Mitigating Reward Hacking in RLHF via Bayesian Non-negative Reward Modeling¶

Conference: ICML 2026 Oral
arXiv: 2602.10623
Code: https://github.com/GuoweiRong/Bayesian-Non-negative-Reward-Model (Available)
Area: Alignment RLHF
Keywords: Reward modeling, Reward hacking, Bayesian non-negative factor analysis, Variational inference, Weibull distribution

TL;DR¶

This paper reformulates the Bradley–Terry reward model as a generative process of Bayesian Non-negative Factor Analysis (NFA). By simultaneously modeling locally sparse instance latent variables \(\bm{\theta}\) and a globally sparse reward dictionary \(\Phi\), it suppresses reward hacking caused by shortcut features (e.g., length, style) via a "disentanglement-then-debiasing" mechanism. The entire framework is integrated into modern LLM backbones through amortized variational inference with Weibull reparameterization, consistently outperforming strong baselines like BT, Ensemble, and InfoRM on Unified-Feedback, RewardBench, HHH, and MT-Bench.

Background & Motivation¶

Background: RLHF has become the mainstream paradigm for LLM alignment. Its core involves distilling human pairwise preferences into a differentiable Reward Model (RM), which then optimizes policies using RL algorithms like PPO. The standard approach adds a linear head \(W_{\text{bt}}\) after an LLM backbone and trains it using Bradley–Terry ranking loss to assign a deterministic scalar score to responses.

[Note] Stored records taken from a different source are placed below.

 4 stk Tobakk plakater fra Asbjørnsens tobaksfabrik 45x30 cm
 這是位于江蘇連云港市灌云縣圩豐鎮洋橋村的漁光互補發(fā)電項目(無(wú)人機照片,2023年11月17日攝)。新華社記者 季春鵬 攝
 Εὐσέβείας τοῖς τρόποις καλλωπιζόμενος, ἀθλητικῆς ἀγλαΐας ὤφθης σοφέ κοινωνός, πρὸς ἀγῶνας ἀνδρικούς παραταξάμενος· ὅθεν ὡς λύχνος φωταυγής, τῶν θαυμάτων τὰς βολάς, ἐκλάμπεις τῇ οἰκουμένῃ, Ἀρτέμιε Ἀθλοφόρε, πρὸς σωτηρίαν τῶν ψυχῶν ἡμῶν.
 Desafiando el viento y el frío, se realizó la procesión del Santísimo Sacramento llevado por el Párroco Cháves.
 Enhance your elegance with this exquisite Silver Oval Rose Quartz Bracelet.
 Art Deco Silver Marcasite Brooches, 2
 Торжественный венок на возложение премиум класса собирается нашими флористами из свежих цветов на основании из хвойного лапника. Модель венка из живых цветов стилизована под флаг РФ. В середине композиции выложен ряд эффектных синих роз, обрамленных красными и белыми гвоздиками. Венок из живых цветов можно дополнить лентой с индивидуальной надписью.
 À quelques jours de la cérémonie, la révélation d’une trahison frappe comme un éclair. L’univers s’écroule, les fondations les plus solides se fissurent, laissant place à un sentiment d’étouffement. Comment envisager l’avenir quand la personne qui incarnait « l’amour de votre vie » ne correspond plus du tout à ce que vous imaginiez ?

Limitations of Prior Work: RMs are easily "hacked" in practice—policies learn to optimize proxy rewards rather than true human goals. Common shortcuts include surface cues like response length, phrasing style, and templated expressions. The root cause is reward misgeneralization: RMs extrapolate poorly outside the training distribution, and deep networks naturally favor shortcut features.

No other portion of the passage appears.